Orvieto is part of the Tentative list of Italy in order to qualify for inclusion in the World Heritage List.
Orvieto is imposingly situated at the summit of a 150m-high tufa cliff, emerging like an island from the surrounding plains. With an urban structure that has remained essentially unchanged since the 13th and 14th centuries, it is dominated by its cathedral, built during the same period. The cathedral's facade, a great triptych built by Lorenzo Maitani with superb mosaics on gilt backgrounds, is the prime masterpiece of Italian decorative Gothic.
Map of OrvietoLoad map
The coordinates shown for all tentative sites were produced as a community effort. They are not official and may change on inscription.

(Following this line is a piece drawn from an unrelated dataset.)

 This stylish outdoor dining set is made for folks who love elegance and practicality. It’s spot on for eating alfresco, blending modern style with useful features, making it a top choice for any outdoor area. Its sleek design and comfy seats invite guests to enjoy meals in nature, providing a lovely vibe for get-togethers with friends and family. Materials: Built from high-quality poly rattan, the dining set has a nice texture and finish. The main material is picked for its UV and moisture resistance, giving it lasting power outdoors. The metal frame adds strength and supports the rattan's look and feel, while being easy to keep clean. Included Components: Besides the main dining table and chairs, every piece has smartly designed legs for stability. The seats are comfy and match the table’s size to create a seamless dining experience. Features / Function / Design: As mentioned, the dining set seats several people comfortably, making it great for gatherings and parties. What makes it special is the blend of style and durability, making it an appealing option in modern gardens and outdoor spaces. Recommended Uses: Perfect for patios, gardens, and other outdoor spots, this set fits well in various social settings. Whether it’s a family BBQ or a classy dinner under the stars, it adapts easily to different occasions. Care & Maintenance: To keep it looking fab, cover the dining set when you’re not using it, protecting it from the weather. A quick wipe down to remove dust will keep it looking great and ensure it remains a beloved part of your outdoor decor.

The setting of Orvieto on the tuffa plateau is impresive. The cathedral with its simple interior and opulent facade is really masterpiece. Another pleasent place of Orvieto is Piazza dell Popolo (Palazzo del Popolo - PHOTO). My personal highlight is the Chapel of the Corporal with the stained corporal of the miracle of Bolsena - in fact it was the reason for the errection of the Cathedral.

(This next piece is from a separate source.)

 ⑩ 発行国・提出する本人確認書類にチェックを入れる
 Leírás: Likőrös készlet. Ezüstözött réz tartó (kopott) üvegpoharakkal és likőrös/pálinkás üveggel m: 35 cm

I think that one can spend wonderfull time enjoying the histrorical monuments, picturesque streets, excellent white wine and naturally excelent Italian food in Orvieto even without the WHS status.
I visited Orvieto by car in July 2013. It is only 1.5hrs away from Florence although it is part of the Umbria region (not Tuscany). Even though it is supposed to be peak season in July, there were only a handful of tourists. Most probably the crowds head primarily to Assisi. Orvieto is situated on a huge tuff rock visible from the A1 motorway already miles away. The main highlight is the Duomo, which is much more than just another church in a medieval town. It is similar to the cathedral of Siena but lacks a dome and a bell tower. Instead it is intricately adorned with colourful mosaics on the facade depicting scenes from the Bible and a magnificent rose window with Christ's image in the middle. Inside it is quite austere but a walk towards the altar will lead you to 2 chapels full of paintings, murals and frescoes - the Chapel of the Corporal and the Chapel of St. Brisio. Other sights to be seen in Orvieto or St. Patrick's Well, Orvieto underground and the small narrow roads and alleys full of wine bars and small restaurants. The culinary speciality here is the black truffle which is present in most dishes while a unique dessert wine is the Muffa Nobile. I ended my visit by driving uphill towards a small Capuchin convent just opposite Orvieto to enjoy a spectacular panoramic view.
No, not another medieval town with a cathedral! I almost had to drag myself to go and see Orvieto. The town is conveniently located along the A1 motorway, and built upon a giant tufa rock. Parking is at lower ground, and from there elevators and escalators take you upwards.
After a quick pizza I went looking for the Duomo. From some distance the thing looks like the one in Siena (black and white stripes), but here it's the facade that really knocks you out. There are ornaments all over it: golden and bright coloured mosaics, bas-reliefs. Complete bible stories are told at several scenes.
Will this ever become a WHS? Well, you never know. Orvieto is among the relatively recent (2006) additions to the Tentative List, so Italy probably will have plans for it. Like it did with Mantua last year.